Reading with openpyxl

from openpyxl import load_workbook

wb = load_workbook("data.xlsx", data_only=True)  # data_only reads computed values
ws = wb["Sheet1"]

for row in ws.iter_rows(min_row=1, max_row=5, values_only=True):
    print(row)

# Access a specific cell
print(ws["A1"].value)

Adding formulas

from openpyxl import Workbook

wb = Workbook()
ws = wb.active

ws["A1"] = 10
ws["A2"] = 20
ws["A3"] = 30
ws["A4"] = "=SUM(A1:A3)"
ws["A5"] = "=AVERAGE(A1:A3)"

wb.save("formulas.xlsx")

Explanation

pandas wraps openpyxl under the hood when reading and writing .xlsx files. Use pandas for data-centric operations (filtering, grouping, joining) and openpyxl when you need cell-level control (formatting, formulas, merged cells, charts).

Key differences:

  • pd.read_excel returns a DataFrame. Good for analysis but loses formatting.
  • openpyxl.load_workbook preserves formatting and gives you cell objects. Slower for large files.
  • pd.ExcelWriter with engine="openpyxl" lets you write DataFrames while preserving an existing workbook’s formatting.

Variants

LibraryLevelBest ForDependencies
pandasDataFrameData analysis, bulk read/writepandas, openpyxl
openpyxlCellFormatting, formulas, chartsopenpyxl
xlsxwriterCellWriting only, charts, conditional formattingxlsxwriter
xlrdRead-onlyLegacy .xls filesxlrd

Guidelines

  • Use pandas for reading and writing data. Use openpyxl for formatting and formulas.
  • Always pass index=False to to_excel unless you need the index column.
  • Use data_only=True with load_workbook to read computed values instead of formula strings.
  • Set column widths explicitly. openpyxl does not auto-fit columns.
  • Use pd.ExcelWriter context manager to write multiple sheets in one file.

Common Mistakes

  • Forgetting to install openpyxl. pandas needs it as an engine for .xlsx files.
  • Using openpyxl for large files (10k+ rows). It is slow; use pandas for bulk operations.
  • Not passing data_only=True when reading formulas. You get the formula string instead of the result.
  • Overwriting an existing workbook with to_excel. It replaces the file; use ExcelWriter with mode="a" to append.
  • Ignoring number formats.
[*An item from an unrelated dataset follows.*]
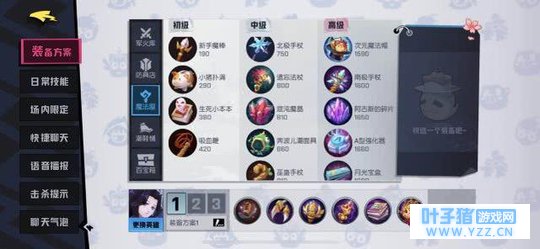 【攻略二:逆风出装】 逆风出装与顺风出装相比变化不大,牛津鞋可以说是法师输出必备鞋子,能增强法术穿透。逆风出装顺序为:牛津鞋、次元魔法帽、南极手杖、五三培养手册、黑暗法杖和大圣面具。其中,逆风局内装备总体变化2件,一是次元魔法帽提高回蓝,更好让我们使用技能无脑释放,还有一件就是黑暗法杖提供法穿,提升逆风局下的输出能力和应对前排坦克的能力。
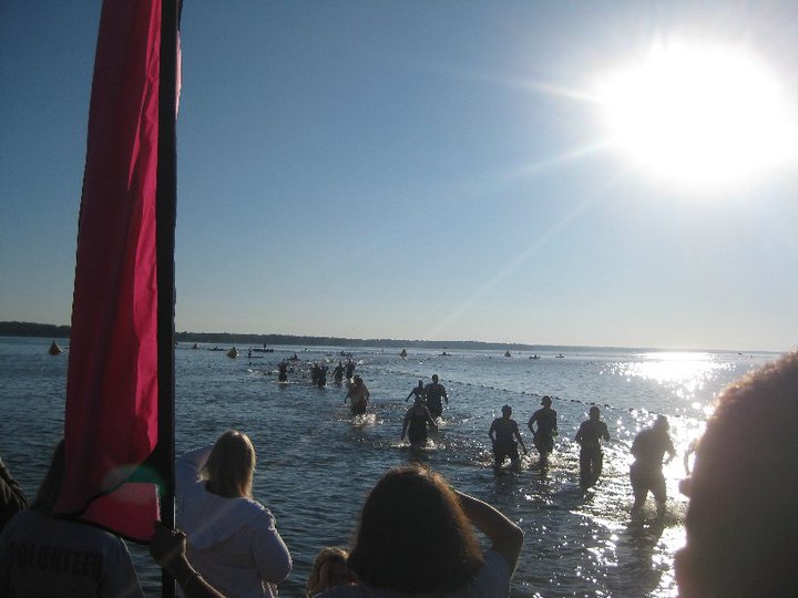 Comments: I LOVED THE SWIM! Loved it. Loved the people swimming into me, loved swimming into other people. It was my very first OWS but it wasn't bad at all (as you can tell by my previous declarations of love). It was a triangle course starting on the left. I started in the middle of my wave and stayed to the right, hugging the buoys. I was passing a lot of women, so I was really happy. When I saw the first cap from the wave before me, I was elated. Sadly, I didn't get into a real groove until I was on the last 300. What would you do differently?: I would've started at the front of the pack. I could've shaved a minute off my time. I would've also begged the organizers NOT to shorten the distance. Yes, I am a freak. ![]() Transition 1

Excel may display dates and numbers differently than Python expects.

Frequently Asked Questions

How do I read a specific range of cells?

With openpyxl, use ws.iter_rows(min_row=2, max_row=10, min_col=1, max_col=3, values_only=True). With pandas, use usecols and skiprows parameters.

How do I add conditional formatting?

Use openpyxl.formatting.rule or xlsxwriter. For example, color scales and data bars are supported via ColorScaleRule and DataBarRule.
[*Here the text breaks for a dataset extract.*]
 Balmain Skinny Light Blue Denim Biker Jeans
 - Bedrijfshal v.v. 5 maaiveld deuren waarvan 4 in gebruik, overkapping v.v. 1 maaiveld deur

How do I handle .xls (legacy) files?

Use xlrd for reading and xlwt for writing. pandas supports them with engine="xlrd" and engine="xlwt". Note that xlrd dropped .xlsx support in version 2.0.

Can I create charts in Excel with Python?

Yes. openpyxl.chart supports bar, line, and pie charts. xlsxwriter also supports charts with a similar API.